Problem requirements: Return all of the listing word for word; the pictures stay out.

*** Listed records Section Begins ***

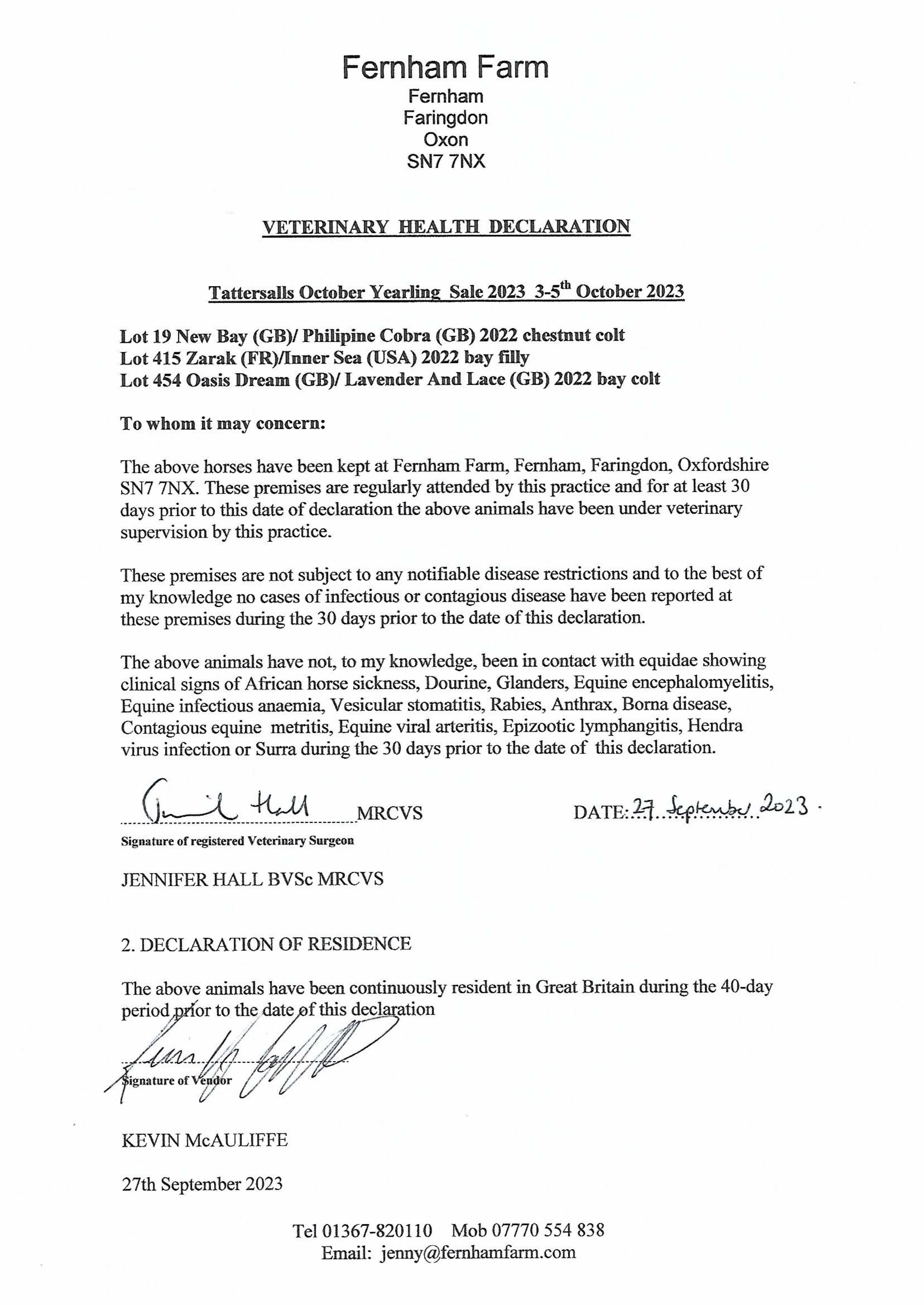 Consignor: Fernham Farm
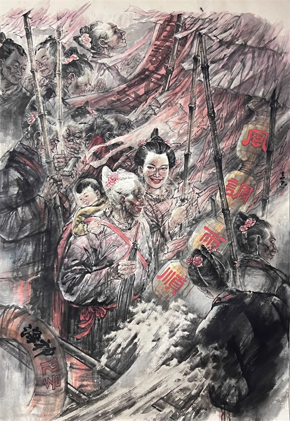 本次画展中大多是乡愁型作品,意蕴悠长、构成严谨、就地取材,描绘的生活场景充满故土气息,值得细细品读、鉴赏。在快节奏的时代脚步中,负重的身心需要慰籍,心灵需要滋养,灵魂更需要有个安放之所,都可以在展出的作品中寻找、定位。本次展出的作品内容使人似乎在一定的节日节点上从城里回到了家乡,回到了生我们养我们的那片朴实的土地上,去和乡亲对话、倾诉、共情。
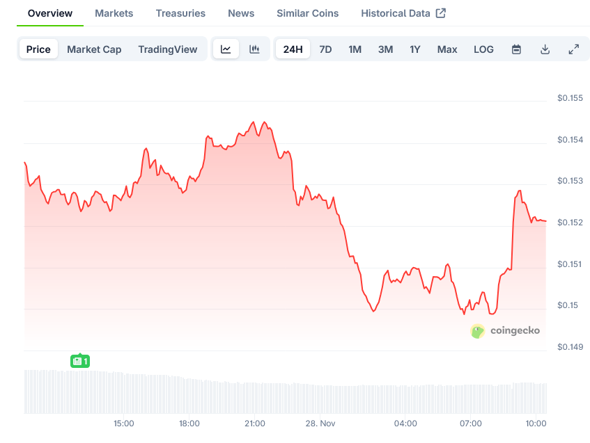 Dogecoin price continues to trade above $0.15, currently sitting at $0.1530 after gaining 1% in the past 24 hours. The price movement follows a recovery period after last week’s decline.
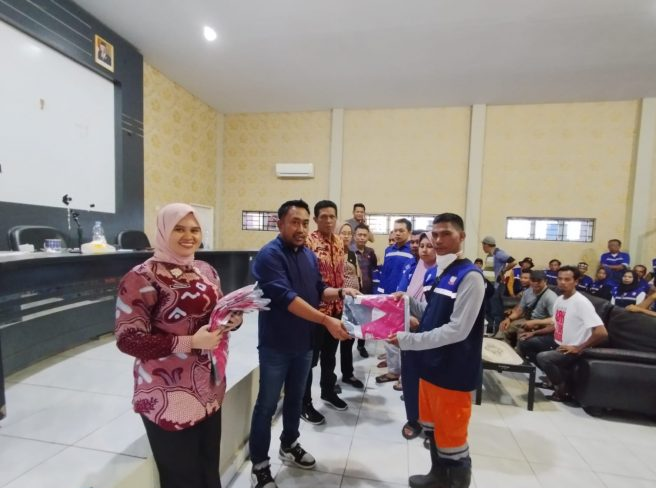 Selain itu Andi Anshar membagikan kelengkapan bekerja bagi para petugas kebersihan demi untuk menunjang keamanan dan kelengkapan dalam bekerja.(**)
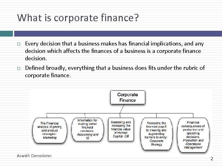 What is corporate finance? Every decision that a business makes has financial implications, and any decision which affects the finances of a business is a corporate finance decision. Defined broadly, everything that a business does fits under the rubric of corporate finance. Aswath Damodaran 2
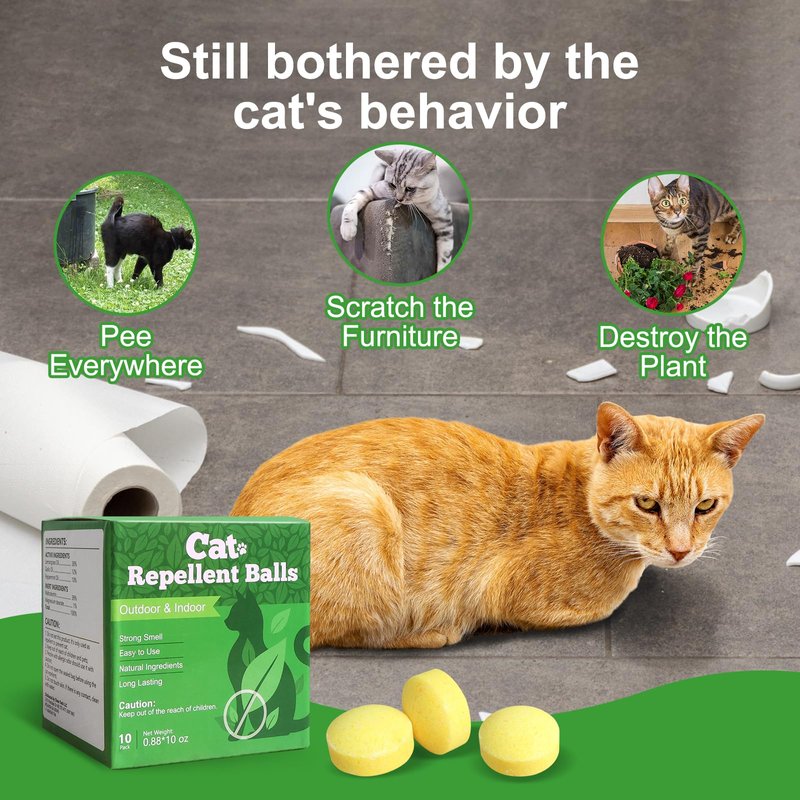 Natural Peppermint Cat Repellent Balls, Outdoor & Indoor Cat Deterrent to Protect Gardens, Keep Cats and Dogs Out of Patio and Yard, 10 Packs

*** Listed records Section Ends ***

Output of the exercise:
 Consignor: Fernham Farm
 本次画展中大多是乡愁型作品,意蕴悠长、构成严谨、就地取材,描绘的生活场景充满故土气息,值得细细品读、鉴赏。在快节奏的时代脚步中,负重的身心需要慰籍,心灵需要滋养,灵魂更需要有个安放之所,都可以在展出的作品中寻找、定位。本次展出的作品内容使人似乎在一定的节日节点上从城里回到了家乡,回到了生我们养我们的那片朴实的土地上,去和乡亲对话、倾诉、共情。
 Dogecoin price continues to trade above $0.15, currently sitting at $0.1530 after gaining 1% in the past 24 hours. The price movement follows a recovery period after last week’s decline.
 Selain itu Andi Anshar membagikan kelengkapan bekerja bagi para petugas kebersihan demi untuk menunjang keamanan dan kelengkapan dalam bekerja.(**)
 What is corporate finance? Every decision that a business makes has financial implications, and any decision which affects the finances of a business is a corporate finance decision. Defined broadly, everything that a business does fits under the rubric of corporate finance. Aswath Damodaran 2
 Natural Peppermint Cat Repellent Balls, Outdoor & Indoor Cat Deterrent to Protect Gardens, Keep Cats and Dogs Out of Patio and Yard, 10 Packs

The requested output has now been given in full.